Silver's writing is sharp and tangy as always, with dialogue etched in excruciatingly anxious specificity. The parallel monologues for Sebastian and Dylan, each relating a death (Simon's death, and the murder Dylan committed), are simple, gorgeous, and deep. And yet the main parlance of the play is wit, heady bon mots flying fast and furious. Bernadette and Sebastian get most of the juice, with Kip having his share as well. And in their first public performance, Red Fern Theatre Company's cast did rather well in selling Silver's brand of bubbles laced with angst. Josh Lefkowitz, as Sebastian, does admirable work, revealing a character who seems entirely stable—especially in comparison to his sister—but whose life is deeply unsettled and woefully unhappy, and he does it with a deadpan sense of humor that feels exactly right and very distinct. Jennifer Dorr White as both Hillary and Miranda is spot-on with each, especially the therapist's fabulous exclamation "People don't change!" and the mother's harrowing tale of her children's father. José Joaquín Pérez is soulful, sad, and wry as the murderer Dylan, and very different as a hustler Sebastian picks up. Bryant Mason's Kip is funny and effective early in the play, before Kip changes from fearful dentist to liberated artist; post-transformation, Mason feels untethered to the play, and doesn't quite manage to integrate himself into the proceedings. Emilie Elizabeth Miller, as Bernadette, has the lion's share of the play's mordant wit, is required to go from emotional hyperventilation to withering judgment in the blink of an eye, and then must convincingly open her eyes and begin to live, finally, an adult life. Miller has yet to get there, unfortunately; her Bernadette seems grounded from the beginning, not fizzy so much as flat.

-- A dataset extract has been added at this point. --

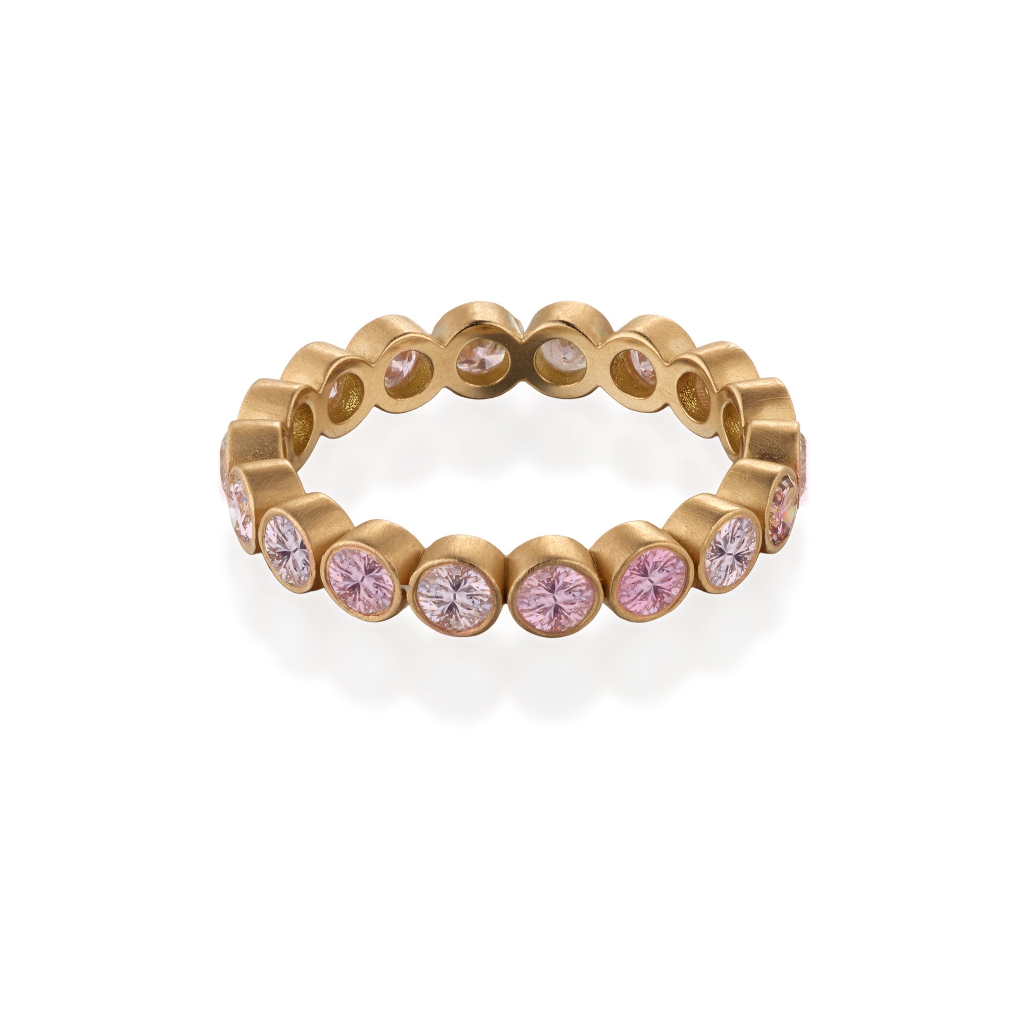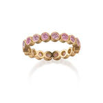 A continuous line of Madagascar pink sapphires set in rich 18K recycled gold, handcrafted in NYC. Each bezel-set stone creates a rhythmic, luminous flow inspired by the harmony of the Circle of Fifths Collection. A modern, wearable eternity band perfect for stacking, celebrating, or adding a touch of vibrant color to the everyday.

Director Dominic D'Andrea has made a strong stylistic choice to place certain of the play's monologues at either of two downstage microphones. The effect is puzzling; rather than feeling like part of the whole, these moments feel (and look) like standup comedy, which robs them of emotional weight. The challenge with Nicky Silver is to balance the humor with the pathos beneath, and the microphones tip the scales toward the former at the expense of the latter. And D'Andrea's staging is spotty, with some moments of simple effectiveness thrown off balance by other scenes in which the actors engage in forced, unfunny physical hijinks that feel out of place on a small stage and dampen the reality of the action. On the credit side, D'Andrea demonstrates a strong sense of pace, which will surely get better and better. Eliza Brown's set is witty and fun, and the clothes by Emily DeAngelis are terrific. The lighting by Jessica Greenberg is just fine given limitations of space and budget. Daniel Kluger's sound design is occasionally heavy-handed, but largely supports the play nicely.

Raised in Captivity asks a lot of questions, offering only scant hope that we can find their answers. As a theatrical exercise, it's fascinating, and Red Fern makes a strong showing with it.